Say what? The messaging app WhatsApp is being bought by Facebook, yet will continue to operate independently and maintain its own brand status. Facebook is also using this approach with its recent acquisition, Instagram, and opting to position itself as more of a mentor that can contribute expertise, scale, and resources to the rapidly emerging app while allowing it to determine its own direction and focus on brand growth. TechCrunch.com posted more on how this social media merger is meant to connect the world.
According to Facebook, the social media giant and the cross-platform mobile messaging company share a vision of making the world more open and connected. Together, they hope to stimulate growth and user engagement for both companies.
“WhatsApp is on a path to connect 1 billion people. The services that reach that milestone are all incredibly valuable,” said Facebook founder Mark Zuckerberg. “I’m looking forward to what Facebook and WhatsApp can do together, and to developing great new mobile services that give people even more options for connecting.”

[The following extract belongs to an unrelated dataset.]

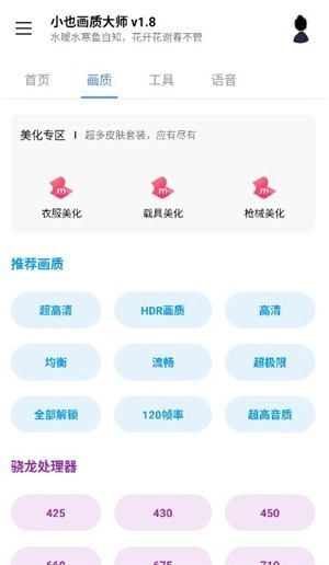 1. 开启小也画质大师,随即进入主界面。在这里,用户能够对多种画质参数以及帧率设置进行调整,助力用户收获更为流畅的视觉感受。

The $19 billion purchase price is comprised of $12 billion in Facebook stock, along with $4 billion in cash and $3 billion in restricted stock units reserved for employee retention at WhatsApp. Additional terms of the deal include WhatsApp co-founder and CEO Jan Koum joining Facebook’s board of directors and their headquarters staying in Mountain View, California. There is also a termination fee that would cost Facebook $1 billion in cash and $1 billion in shares if the deal were denied regulatory approval.
In addition to their shared commitment to connectivity, Facebook was drawn to WhatsApp for its 450 million monthly active users, with 70% of those users active every day. This massive messaging volume approaches the SMS volume of the entire global telecom industry. WhatsApp has also exhibited extremely strong growth and is now adding more than 1 million users each day.
While the companies may share the goal of connection, they do not share the same operating procedures. Facebook is free to use, yet WhatsApp charges a minor fee, and advertising is the main method of monetization for Facebook while there are no ads with WhatsApp.
Despite these differences, it seems that both social media companies can get along well and send their message of connectivity throughout the world.